We present a Markov-Chain Monte-Carlo (MCMC) forecast for the precision of neutrino mass and cosmological parameter measurements with a Euclid-like galaxy clustering survey. We use a complete perturbation theory model for the galaxy one-loop power spectrum and tree-level bispectrum, which includes bias, redshift space distortions, IR resummation for baryon acoustic oscillations and UV counterterms. The latter encapsulate various effects of short-scale dynamics which cannot be modeled within perturbation theory. Our MCMC procedure consistently computes the non-linear power spectra and bispectra as we scan over different cosmologies. The second ingredient of our approach is the theoretical error covariance which captures uncertainties due to higher-order non-linear corrections omitted in our model. Having specified characteristics of a Euclid-like spectroscopic survey, we generate and fit mock galaxy power spectrum and bispectrum likelihoods.
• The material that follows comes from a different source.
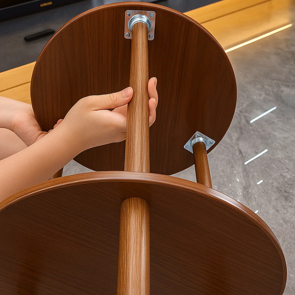 Конструкція спирається на 3 міцні дерев’яні ніжки, які рівномірно розподіляють навантаження. На 2-х ярусах можна розмістити книги, чашки з напоями, фоторамку, лампу та інші речі

Our results suggest that even under very agnostic assumptions about non-linearities and short-scale physics a future Euclid-like survey will be able to measure the sum of neutrino masses with a standard deviation of 28 meV. When combined with the Planck cosmic microwave background likelihood, this uncertainty decreases to 13 meV. Over-optimistically reducing the theoretical error on the bispectrum down to the two-loop level marginally tightens this bound to 11 meV. Moreover, we show that the future large-scale structure (LSS) spectroscopic data will greatly improve constraints on the other cosmological parameters, e.g. reaching a percent (per mille) error on the Hubble constant with LSS alone (LSS + Planck).

Figures (7)

• Figure 1: Monopole, quadrupole and hexadecapole of the one-loop galaxy power spectrum and the tree-level monopole bispectrum for the equilateral configuration at $z=1$: theoretical curves for $m_\nu = 0.1$ eV (blue line), $m_\nu = 0$ eV (black line), along with the mock data. The errorbars on short scales blow up because of the theoretical uncertainty added to the covariance. Note that the monopole power spectrum and bisepectrum increase at high momenta due to the strong shot noise contribution.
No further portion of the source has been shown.